Better late than never definitely has its place in the halls of legislative power – but that doesn’t equate to a free pass for rushing half-baked ideas onto the books.
The General Assembly enacted the Tamara Clayton Expressway Camera Act in 2019, a pilot program that began deploying automated license plate readers on Chicago area highways in August 2021. As of July 2025, with more than $50 million invested, there are 588 cameras in 21 counties.
A more detailed history is available at isp.illinois.gov – click on Criminal Investigations and then ALPR Transparency Page – and it’s worth noting that the state police here do as good a job as any agency in detailing objectives, sharing data and linking directly to contracts and statutory language.

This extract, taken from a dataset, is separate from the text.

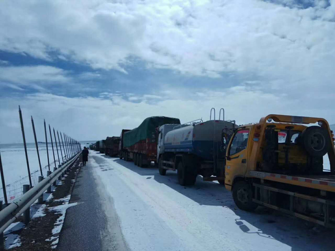 10月30日,司機抵達格爾木,繼續(xù)往前進入唐古拉山。青藏線唐古拉段因為下大雪,目前造成路邊結冰。由于道路狹窄,數百輛卡車被堵在路上,情況緊急。由于唐古拉段海拔高,氣溫低,卡車司機只能使用車輛只有的暖風系統(tǒng)進行取暖。但是由于堵車時間長,部分車輛已經出現柴油不足的情況。部分司機車內已經沒有食物,更有甚者出現無法取暖的情況,據卡友透露,已經有部分司機出現高反,情況十分危急。

That said, it hasn’t exactly been a seamless transition into a modern surveillance state. In 2023, Secretary of State Alexi Giannoulias endorsed a plan to prohibit law enforcement agencies outside Illinois from accessing our plate reader data to track or penalize, a measure pitched as protecting abortion and immigration rights. Then, in June 2025, he accused Mount Prospect police of improperly sharing such data with Texas police and told the network operator, Flock Safety, to prevent any future illegal access.
This year, lawmakers have debated House Bill 5151, a set of commonsense APLR limitations that should’ve been attached to the technology all along.
The bill – with two dozen sponsors but idling in the House Rules Committee since April 17 – flips the permission framework by declaring it unlawful for any agency to use, operate or access any reader or captured data unless expressly authorized and compliant with the new rules.
Those rules seem sufficiently broad to strike a balance between the utility of technology as a public good and personal privacy concerns. For example, authorized uses include Amber Alert, Silver Search and endangered missing person advisories, ongoing criminal investigations such as stolen vehicles or hit-and-run crashes and outstanding felony warrants.
There also are revenue concerns, such as electronic tolls and parking enforcement, and stipulations that foreign entities and their employees should have lesser baseline privacy expectations. If approved, the bill would put a three-day retention limit on captured data absent its role as evidence for potential criminal prosecution.
As with many issues, some changes might not seem significant until a defense lawyer argues against the inclusion of improperly captured or retained data in court. It might be unsettling to consider what privacy abuses could happen in the meantime, but people in that camp are likely already frustrated that HB 5151, which doesn’t exactly seem fast-tracked to enactment, is trailing so many years behind the initial rollout.
Expecting the government to keep pace with technology is a losing battle, yet deliberation should always have a seat at the table.